The Three Key Dimensions
Choosing an LLM is not just about raw capability. Three practical dimensions drive most decisions:
Context window — how much text the model can process at once. If your use case involves long documents, codebases, or conversation history, you need a large context window (100K+ tokens). For short classification or generation tasks, a smaller window is fine and cheaper.
Pricing — models are billed per input and output token. The cost gap between frontier and mid-tier models is often 10–20x. For high-volume tasks (batch processing, search ranking, classification), that gap matters enormously. For low-volume interactive use, it usually does not.

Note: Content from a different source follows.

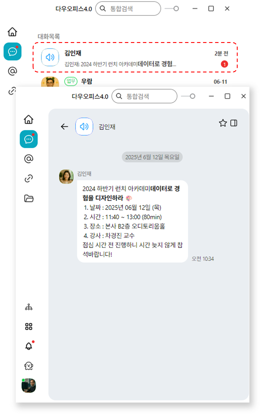 - 공지 수신자는 일반 메시지처럼 대화 목록에 공지톡 도착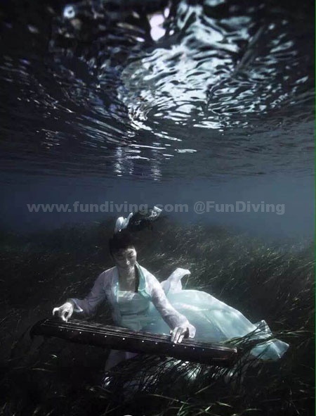 以前“几年都不穿一次裙子”的陆文婕有一组照片,其中一张,她穿着淡蓝色短旗袍,右手拿着一把团扇,沉在蓝黑色的水中,头顶的水面映出她纤长的倒影;另一张,她穿着白色古装裙,坐在河底的水草上弹一把古筝……这些照片拍摄于去年11月,是陆文婕和几个爱好水下摄影的朋友在佛罗里达州的一处淡水泉拍摄的。整个拍摄过程让“摄制组”格外狼狈:11月的佛罗里达,水温只有十几度,一行人在水下布置好场景、拍摄完一组照片,就赶紧上岸钻进车里,打开暖气,边喝热水边吹暖风,等身体暖过来,再回到水里拍摄下一组。

Knowledge cutoff — the date beyond which the model has no training data. If your application answers questions about recent events, APIs, or library versions, a stale cutoff forces you to add retrieval (RAG) regardless of model quality.
Smaller vs Larger Models
Larger models excel at nuanced reasoning, ambiguous instructions, and creative tasks. Smaller models are faster, cheaper, and often sufficient for structured extraction, classification, and templated generation. A common pattern: use a small model for the first pass and escalate to a larger model only when confidence is low.
Practical Advice
Run your representative prompts through candidate models and compare outputs side by side. Benchmark latency and cost on realistic traffic. The best model for your project is the one that hits your quality bar at the lowest cost per call.